“1983年。”陈校长小声说。
“1983年……”林杰重复,“那一年,我刚刚考上医学院。四十年过去了,中国的Gdp增长了一百倍,清华大学的世界排名进了前二十,可学生住的宿舍,还是四十年前的样子。”
他看着陈校长:“你觉得,这合理吗?”
陈校长低下头。
“我知道学校有难处。”林杰继续说,“经费紧张,程序复杂,历史遗留问题多。但这些都是借口。如果你真想解决,总有办法。留学生宿舍能翻新,为什么中国学生宿舍不能?新大楼能一栋接一栋盖,为什么老宿舍不能修?”
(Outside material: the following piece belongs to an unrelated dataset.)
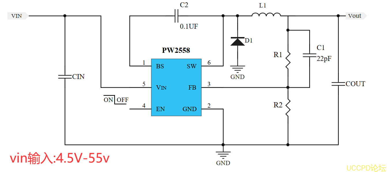 PW2558 在 4.5V 到 55V 的寬輸入電壓範圍內工作,併集成瞭帶有極低 RDS ( ON )的主開關,以將傳導損耗降至最低。PW2558開髮瞭一種高效率的異步降壓 DC/DC調節器,能夠提供 0.8A的輸齣電流。該裝置採用電流模式自適應恆關斷時間控製。開關頻率爲 1.2MHz,輸齣電壓紋波小,外部電感和電容尺寸小。由於 PW2558集成度高,基於該集成電路的應用電路相當簡單。隻有輸入電容 CIN,輸齣電容 COUT,輸齣電感 L1和反饋電阻 R1和 R2纔需要選擇。

他加重语气说道:“因为你们心里,排的优先顺序不对。国际排名、科研指标、亮点工程,排在最前面。学生最基本的住宿、吃饭、生活,排在最后面。这本质是什么?是把学生当工具,当数字,当成果的生产者,而不是当人。”
这番话很重,陈校长脸色苍白。
围过来的学生越来越多,很多人拿出手机在拍。
林杰看向学生们:“同学们,今天我看到了你们真实的住宿条件。我承认,教育部有责任,没有及时督促学校改善。但今天既然看到了,我承诺,三个月内,清华所有老旧宿舍,必须启动改造。一年内,改造完成。如果完不成,我亲自来追责。”
学生们愣住了,然后爆发出掌声。
但林杰摆摆手:“先别鼓掌。我还有几个问题要问陈校长。”
他转向陈校长:“第一,清华现在有多少栋学生宿舍楼?其中楼龄超过三十年的有多少栋?”
陈校长赶紧让后勤处长回答。
王处长翻开本子:“全校学生宿舍楼一共四十八栋。其中……楼龄超过三十年的有二十二栋,占总数的45%。”
“住多少人?”
“大约……一万两千人,主要是博士生和硕士生。”
林杰点点头:“第二,过去五年,学校在宿舍改造上的投入是多少?占总基建经费的比例是多少?”
王处长额头冒汗:“这个……我需要查一下具体数据。”
“大概数。”
“大概……每年两三千万吧,占总基建经费的……5%左右。”
“5%。”林杰重复,“那其他钱花在哪儿了?”
“主要是……新建教学楼、实验楼、体育馆,还有校园景观改造……”
“好。”林杰打断他,“第三,留学生宿舍的住宿标准是什么?中国学生的标准是什么?”
这个问题最敏感。
王处长嘴唇哆嗦:“留学生……一般是单人间或双人间,有独立卫浴。中国学生……博士生三人间,硕士生四到六人间,公共卫生间。”
“收费呢?”
“留学生……每年住宿费一万二到一万八。中国学生……博士每年一千二,硕士每年九百。”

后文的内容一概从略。